### Provided data
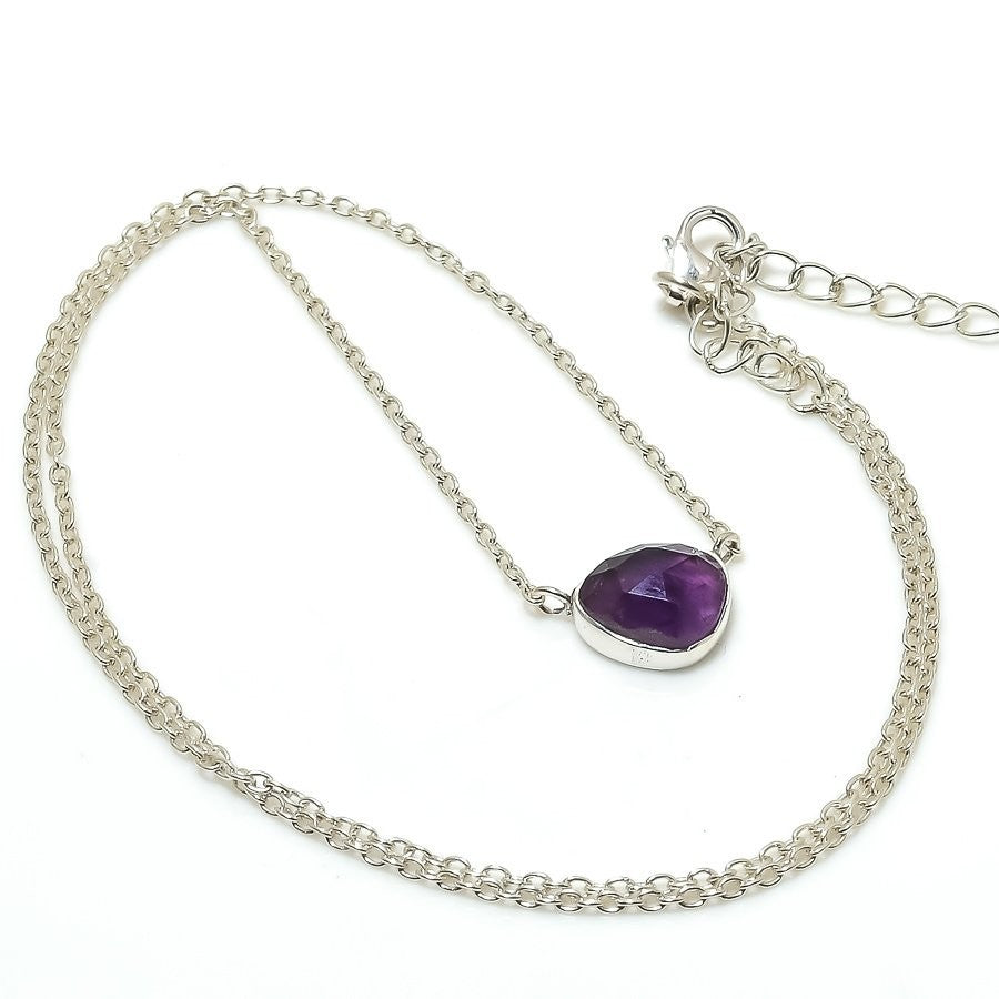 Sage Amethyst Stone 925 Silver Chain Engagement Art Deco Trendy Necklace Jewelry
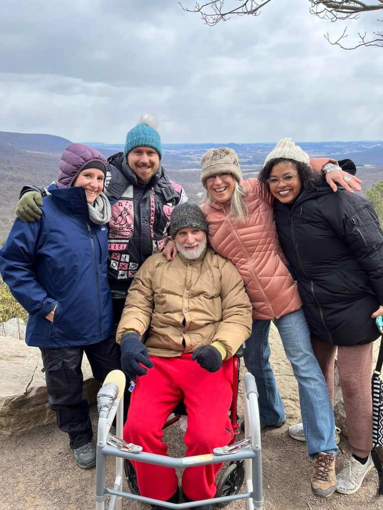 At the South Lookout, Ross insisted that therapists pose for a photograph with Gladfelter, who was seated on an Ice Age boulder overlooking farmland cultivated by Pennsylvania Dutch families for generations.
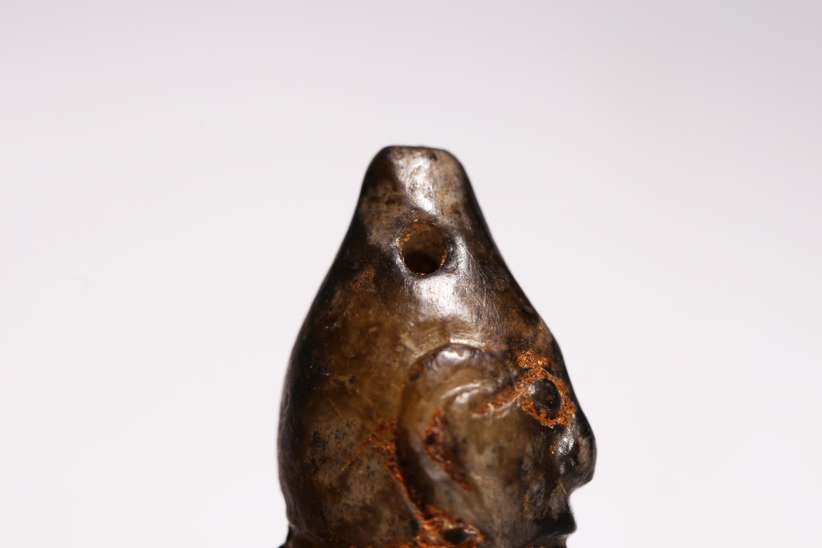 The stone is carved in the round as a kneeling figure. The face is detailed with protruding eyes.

### What you need to do
Each line of the data should be quoted exactly, with pictures left out.

### Reply
 Sage Amethyst Stone 925 Silver Chain Engagement Art Deco Trendy Necklace Jewelry
 At the South Lookout, Ross insisted that therapists pose for a photograph with Gladfelter, who was seated on an Ice Age boulder overlooking farmland cultivated by Pennsylvania Dutch families for generations.
 The stone is carved in the round as a kneeling figure. The face is detailed with protruding eyes.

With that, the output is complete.